关键词: 无线协能通信网络, 智能反射面, 资源分配, 时分多址技术, 能量效率, Dinkelbach方法, 半正定规划方法

Abstract: Aiming at the problems of small coverage area and easy to be blocked by obstacles in Wireless Powered Communication Network (WPCN), the resource allocation of Intelligent Reflective Surface (IRS)assisted relaying in WPCN systems under communication blocking conditions was investigated. Specifically, in the downlink, IRS was used to assist users to collect energy from the Hybrid Access Point (HAP); in the uplink, IRS was used to assist users to send information to the HAP. Considering that the system contains both energy transmission and information transmission, the Time Division Multiple Access (TDMA) was used to divide the energy collection, the data communication, and the data relay transmission.

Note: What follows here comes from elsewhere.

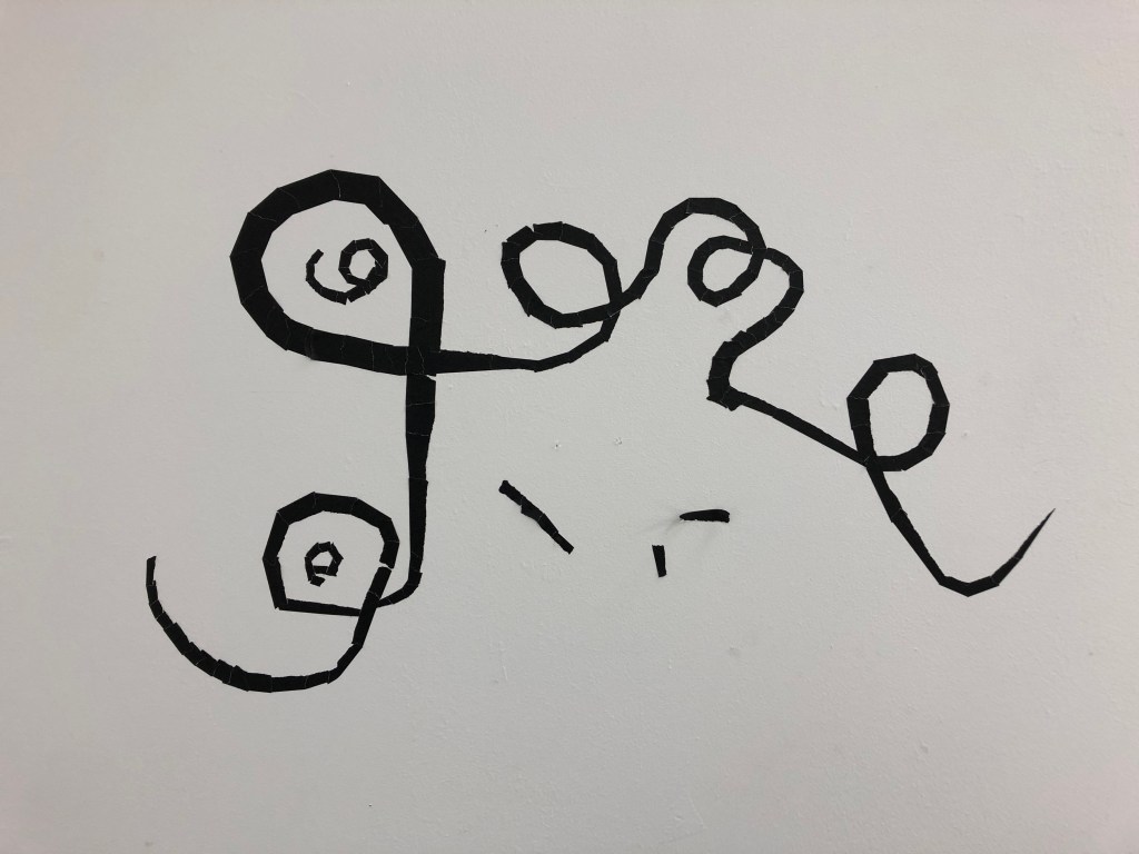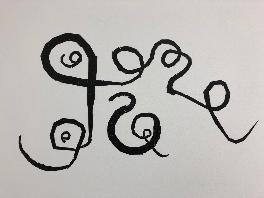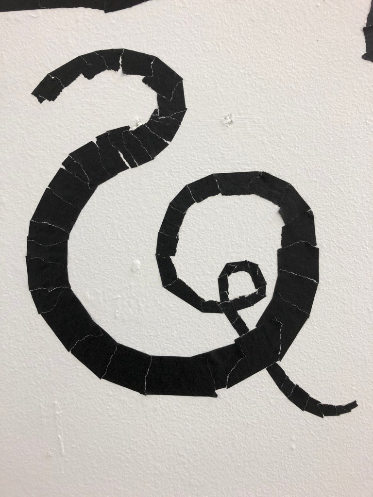 I cleared my studio space in the post grad studio and painted it white. I worked on drawing directly onto the wall with black tape. I made one wall a bigger than life size version of work I had made very small scale in my sketchbook. In this installation the edges of the walls are important, just as the edges of the paper are for the small drawings. The feeling from this work is intended to be a disorientation of the space. A sense of falling, of moving, perhaps a shift.

Based on the constructed system model and transmission strategy, the energy efficiency optimisation problem was proposed with the constraints of user's quality of service and the energy consumed by the user to send information.The total energy efficiency of the system was maximised by jointly optimising the sending power, IRS phase shift matrix and time scheduling. Due to the non-convex nature of the proposed problem, the fractional form of the objective function was first converted to a non-fractional form using Dinkelbach's method, then the non-convex problem was converted to a convex problem using variable substitution and Semi-Definite Programming (SDP), and finally the suboptimal solution of the optimisation problem was obtained using CVX. Simulation results show that the proposed scheme not only extends the coverage of this system, but also effectively improves the energy efficiency of the system. Compared with the average allocation time scheme and the use of hybrid relay nodes, the proposed scheme improves the system energy efficiency by 12.43% and 30.46% on average.

Key words: Wireless Powered Communication Network(WPCN), Intelligent Reflecting Surface(IRS), resource allocation, Time Division Multiple Access(TDMA), energy efficiency, Dinkelbach method, Semi-Definite Programming(SDP)